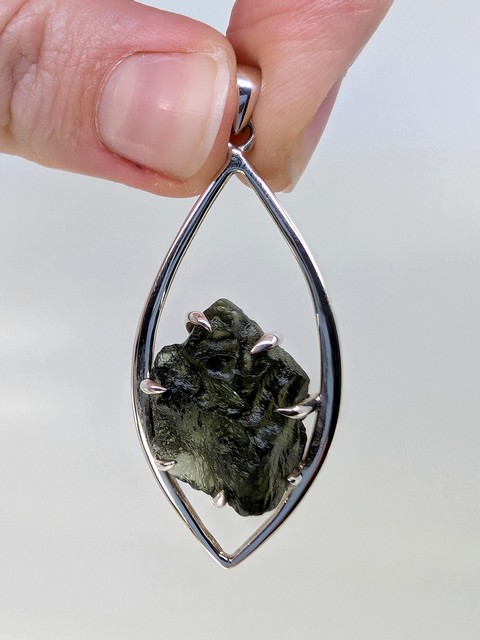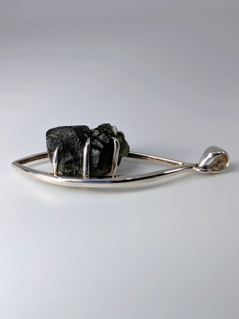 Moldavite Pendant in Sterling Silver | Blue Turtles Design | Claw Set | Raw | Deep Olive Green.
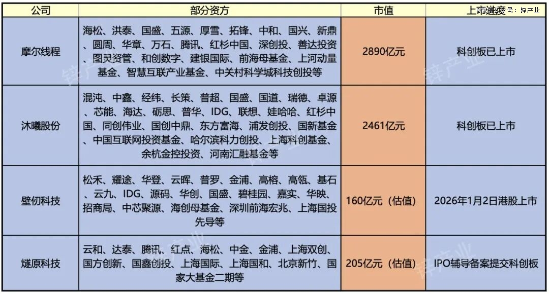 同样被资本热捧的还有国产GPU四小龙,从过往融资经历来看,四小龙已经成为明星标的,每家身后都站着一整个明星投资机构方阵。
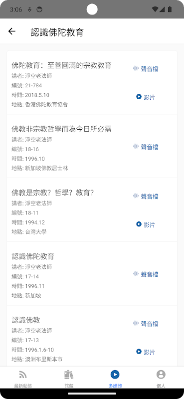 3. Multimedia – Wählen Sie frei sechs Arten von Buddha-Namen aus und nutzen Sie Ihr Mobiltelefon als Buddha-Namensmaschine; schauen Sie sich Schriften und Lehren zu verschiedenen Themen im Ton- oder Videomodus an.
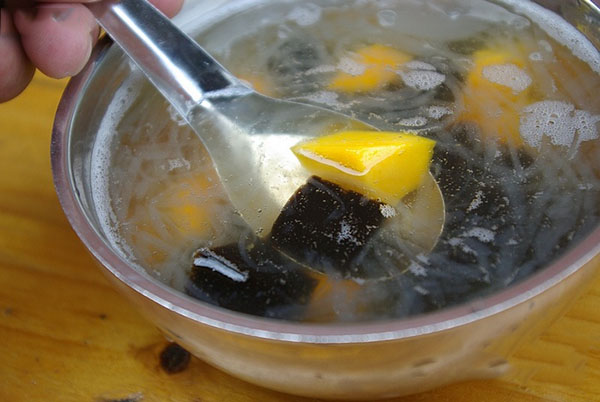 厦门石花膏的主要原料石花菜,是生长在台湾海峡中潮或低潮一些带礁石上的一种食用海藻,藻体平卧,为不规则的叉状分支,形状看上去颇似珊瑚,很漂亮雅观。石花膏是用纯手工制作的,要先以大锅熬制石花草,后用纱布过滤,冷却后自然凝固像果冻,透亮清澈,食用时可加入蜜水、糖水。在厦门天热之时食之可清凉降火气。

— Required work —
An exact copy of the listing is required, excluding any pictures.

— Result below —
 Moldavite Pendant in Sterling Silver | Blue Turtles Design | Claw Set | Raw | Deep Olive Green.
 同样被资本热捧的还有国产GPU四小龙,从过往融资经历来看,四小龙已经成为明星标的,每家身后都站着一整个明星投资机构方阵。
 3. Multimedia – Wählen Sie frei sechs Arten von Buddha-Namen aus und nutzen Sie Ihr Mobiltelefon als Buddha-Namensmaschine; schauen Sie sich Schriften und Lehren zu verschiedenen Themen im Ton- oder Videomodus an.
 厦门石花膏的主要原料石花菜,是生长在台湾海峡中潮或低潮一些带礁石上的一种食用海藻,藻体平卧,为不规则的叉状分支,形状看上去颇似珊瑚,很漂亮雅观。石花膏是用纯手工制作的,要先以大锅熬制石花草,后用纱布过滤,冷却后自然凝固像果冻,透亮清澈,食用时可加入蜜水、糖水。在厦门天热之时食之可清凉降火气。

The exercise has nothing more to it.